Copy out the entries exactly, and wherever a picture appears, leave it out.

Data extracted from a collection:
=== Begin Enclosure ===

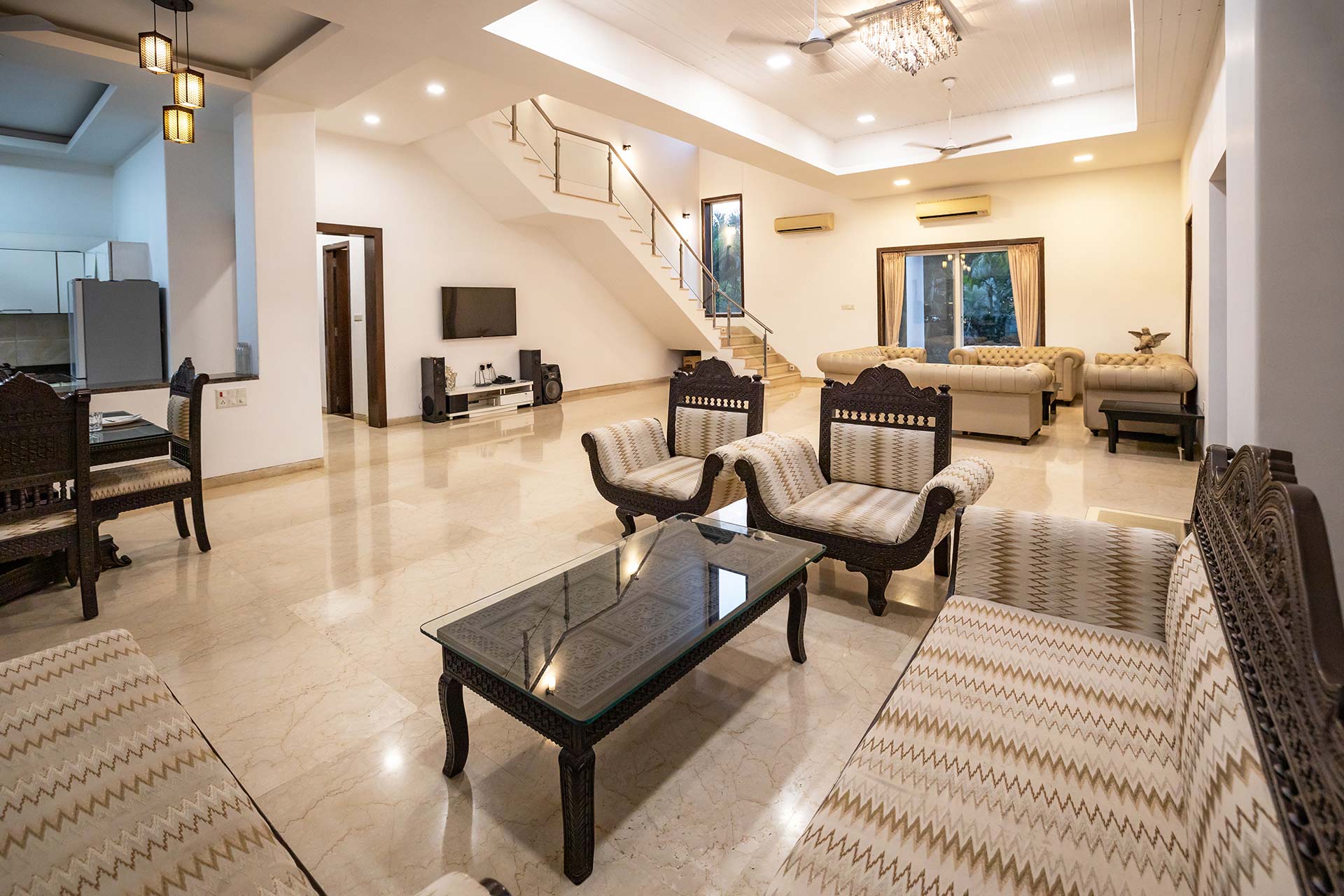 – The living room seats up to 18 people. It offers a music system and TV.
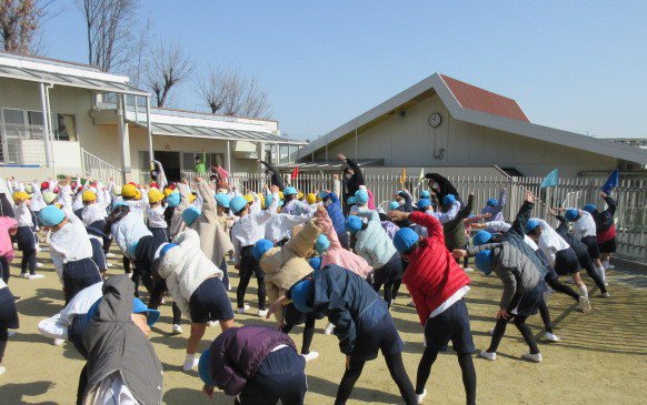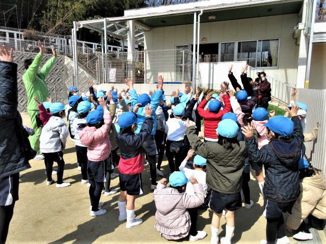 最初に全園児で、外朝礼です。ラジオ体操をして、しっかり体をほぐしますよ!!
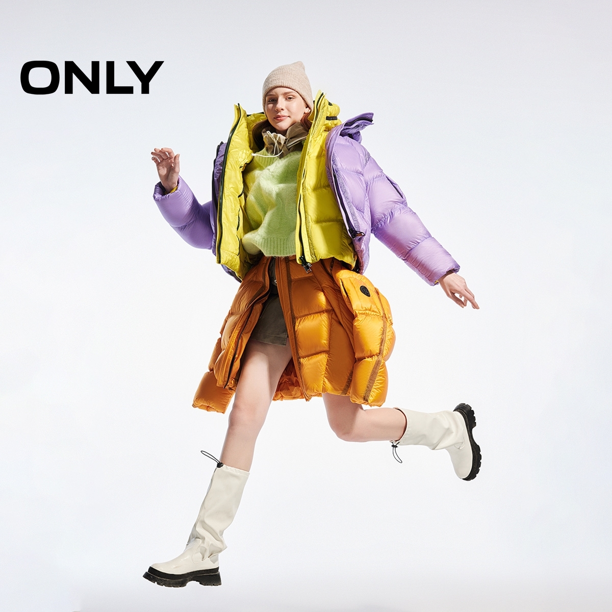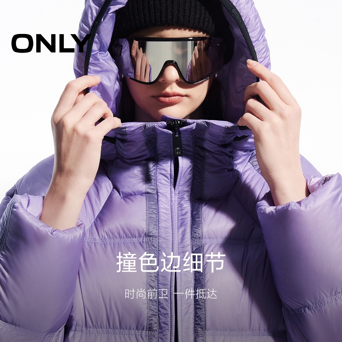 ONLY冬季90白鸭绒撞色宽松连帽短款羽绒服女|124423064
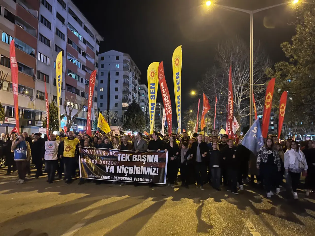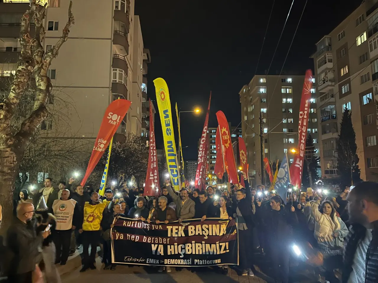 Eskişehir Emek ve Demokrasi Platformu tarafından düzenlenen yürüyüş, bu akşam Atatürk Bulvarı’ndan başlayarak Cemevi önüne kadar devam etti.
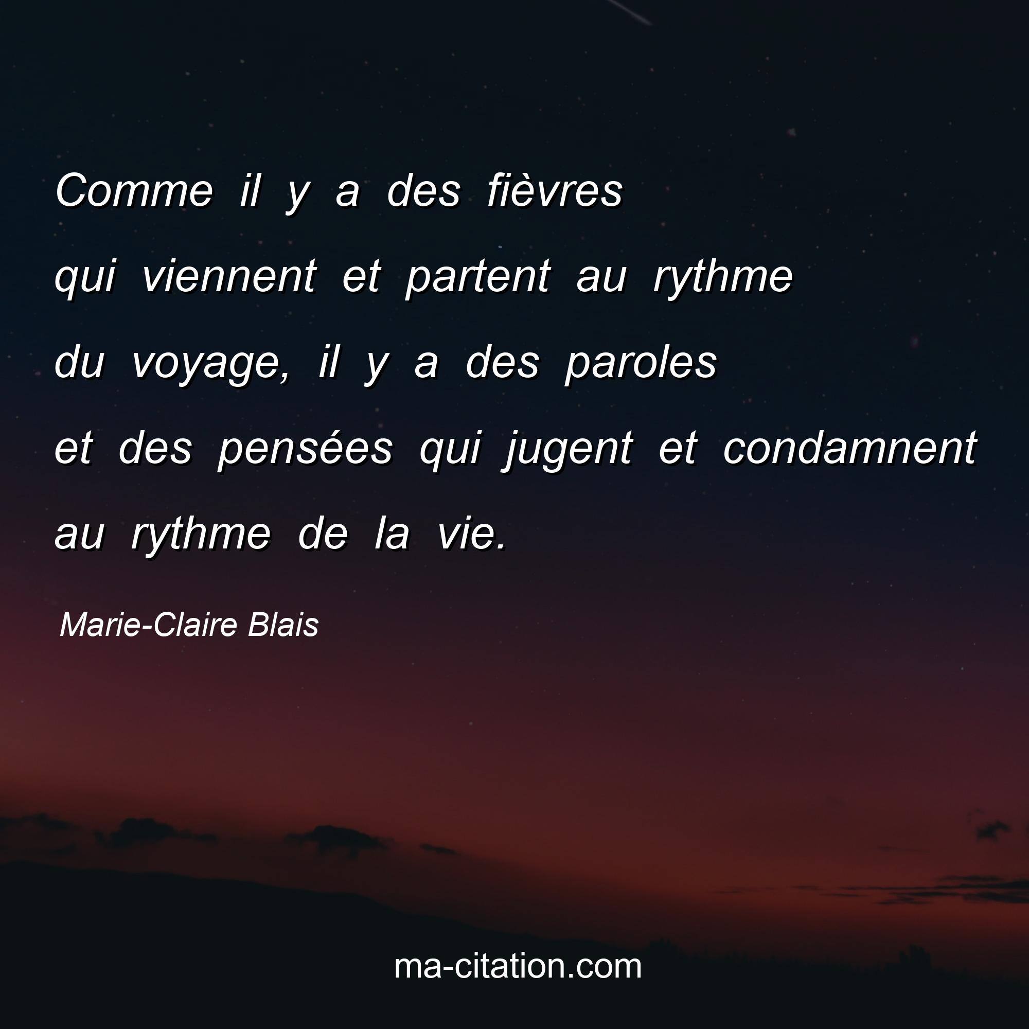 Citation sur la vie de Marie-Claire Blais :Comme il y a des fièvres qui viennent et partent au rythme du voyage, il y a des paroles et des pensées qui jugent et condamnent au rythme de la vie.
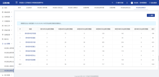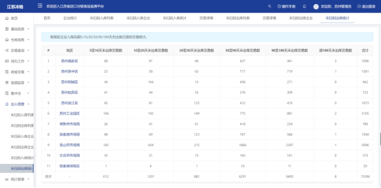 统计本市各区不同时间段的未出库交易数,点击区名可以该区下辖各分局的不同时间段未出库交易数。

=== End Enclosure ===

▸ RESULT BELOW
 – The living room seats up to 18 people. It offers a music system and TV.
 最初に全園児で、外朝礼です。ラジオ体操をして、しっかり体をほぐしますよ!!
 ONLY冬季90白鸭绒撞色宽松连帽短款羽绒服女|124423064
 Eskişehir Emek ve Demokrasi Platformu tarafından düzenlenen yürüyüş, bu akşam Atatürk Bulvarı’ndan başlayarak Cemevi önüne kadar devam etti.
 Citation sur la vie de Marie-Claire Blais :Comme il y a des fièvres qui viennent et partent au rythme du voyage, il y a des paroles et des pensées qui jugent et condamnent au rythme de la vie.
 统计本市各区不同时间段的未出库交易数,点击区名可以该区下辖各分局的不同时间段未出库交易数。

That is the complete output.